Assignment: An image-free reproduction of the data below is needed: print it exactly.

Data below:
- - - - -

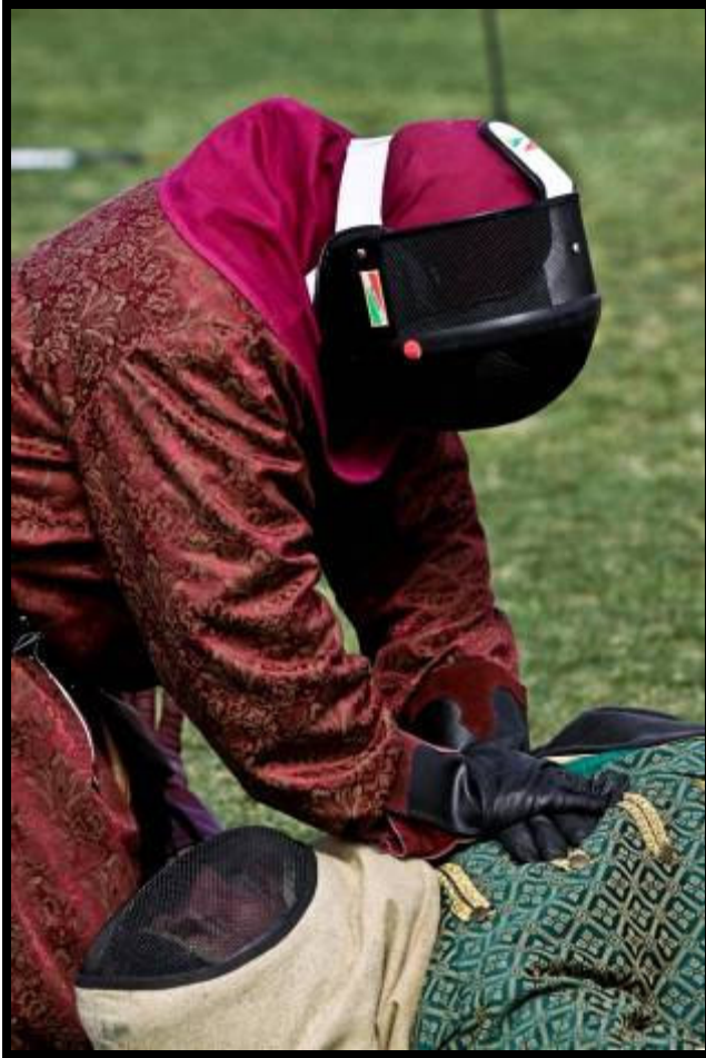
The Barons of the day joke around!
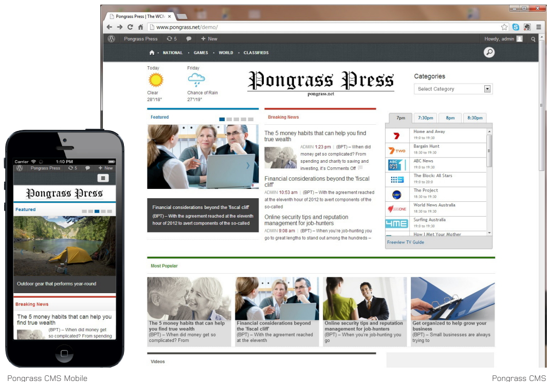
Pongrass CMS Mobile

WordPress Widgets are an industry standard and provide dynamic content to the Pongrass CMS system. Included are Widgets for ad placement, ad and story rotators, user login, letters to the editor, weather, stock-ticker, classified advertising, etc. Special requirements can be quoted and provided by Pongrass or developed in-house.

- - - - -

Reply to the exercise:
The Barons of the day joke around!
Pongrass CMS Mobile

WordPress Widgets are an industry standard and provide dynamic content to the Pongrass CMS system. Included are Widgets for ad placement, ad and story rotators, user login, letters to the editor, weather, stock-ticker, classified advertising, etc. Special requirements can be quoted and provided by Pongrass or developed in-house.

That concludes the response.